Identifying data. This data can be a way for the program to "decide" where to restart. For example, a program driven by a logical sequential scan needs to know the key value at which to resume.
Transaction number/input record position . This may allow an interactive user or batch program to locate the starting point with the minimum of effort. Although Adabas returns a transaction sequence number for each transaction, the user also may want to maintain a sequence number because
after a restart, the Adabas sequence number is reset;
if transactions vary greatly in complexity, there may not be a simple relationship between the Adabas transaction sequence number and the position of the next input record or document;
if a transaction is backed out by the program because of an input error, Adabas does not know whether the transaction will be reentered immediately (it may have been a simple keying error) or rejected for later correction (if there was a basic error in the input document or record);
Other descriptive or intermediate data; for example, totals to be carried forward, page numbers and headings of reports, run statistics.

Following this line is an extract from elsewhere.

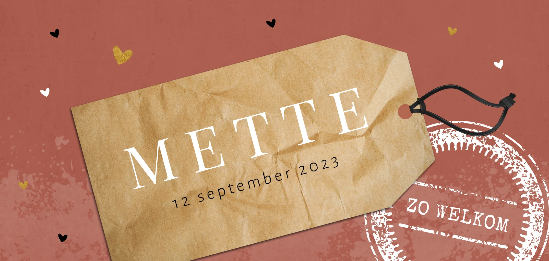 Stoer geboortekaartje voor een dochter. Dit meisjeskaartje heeft een warme rode betonlook achtergrond, een stempel met tekst en een afbeelding van een papieren label waarop de babynaam Mette staat. De kleine hartjes maken dit kaartje af. Teksten en kleuren zijn aan te passen in de editor.

Job/batch completed flag. The system may fail after all processing has been completed but before the operator or user has been notified. In this case, the operator should restart the program which will be able to check this flag without having to run through to the end of the input. The same considerations apply to batches of documents entered from terminals.
Last job/program name. If several programs must update the database in a fixed sequence, they may share the same user ID and use user data to check that the sequence is maintained.
A user's own data can be read with either the OP or RE command. User data for another user can be read by using the RE command and specifying the other user's ID. User data for all users can be read in logical sequential order using the RE command with a command option; in this case, user IDs are not specified.